Quantum-Enhanced Secure Approval Voting Protocol
Saiyam Sakhuja, S. Balakrishnan
TL;DR
The paper addresses the vulnerability of classical cryptographic voting to quantum attacks by proposing a quantum-enabled approval voting protocol that uses entanglement, amplitude encoding, blockchain, and digital signatures, powered by $n = \lceil \log_2 N \rceil$ qubits for $N$ candidates. It defines a full workflow with initialization, voting, and tally phases, implements the scheme in Qiskit for a four-candidate scenario, and analyzes security properties including anonymity, binding, non-reusability, verifiability, eligibility, and fairness. A security-centric analysis coupled with practical experiments on IBM quantum hardware demonstrates low error rates in the single-digit percent range (reported as $\approx$1.17% in the abstract, with $1.66\%$ and $1.36\%$ observed on two devices), indicating feasibility of near-term quantum-assisted secure elections.

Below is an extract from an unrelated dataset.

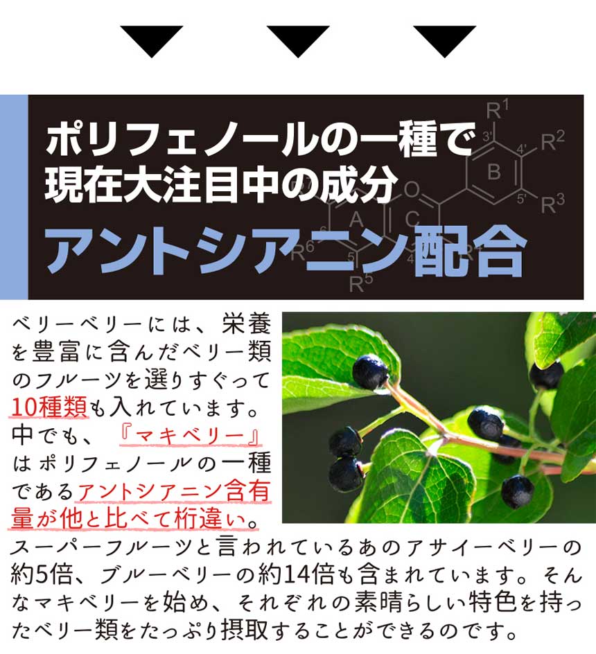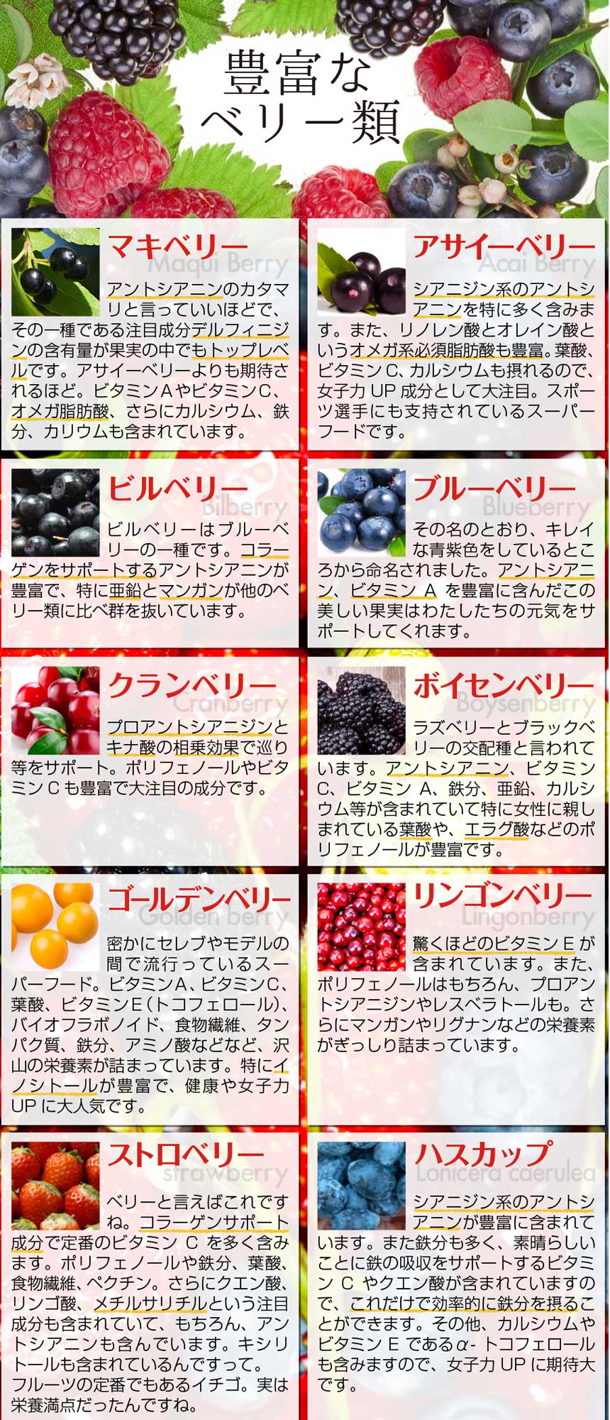 ・原材料/材質/素材:デキストリン、マキベリー果汁末、ビルベリーエキス末、ブルーベリー果汁末、クランベリー果汁末、ゴールデンベリー果汁末、ボイセンベリー果汁末、リンゴンベリー果汁末、ハスカップ果汁末、アサイー果汁末、ストロベリー果汁末、マリーゴールドエキス末(ルテイン含有)、目薬の木エキス末、アイブライトエキス末、セルロース、着色料、ショ糖脂肪酸エステル、ビタミンA、微粒二酸化ケイ素

The work contributes a concrete, testable quantum voting architecture that integrates quantum information primitives with blockchain-based tamper resistance and signature-based authentication, offering a path toward quantum-resilient, verifiable, and fair approval voting in real-world settings.
Abstract
In a world where elections touch every aspect of society, the need for secure voting is paramount. Traditional safeguards, based on classical cryptography, rely on complex math problems like factoring large numbers. However, quantum computing is changing the game. Recent advances in quantum technology suggest that classical cryptographic methods may not be as secure as we thought. This paper introduces a quantum voting protocol, a blend of quantum principles (entanglement and superposition), blockchain technology, and digital signatures, all powered by $\log_2{n}$ qubits, and designed for approval voting with n candidates. The result is a symphony of security features - binding, anonymity, non-reusability, verifiability, eligibility, and fairness - that chart a new course for voting security. The real world beckons, as we tested this protocol on IBM quantum hardware, achieving impressively low error rates of just 1.17% in a four-candidate election.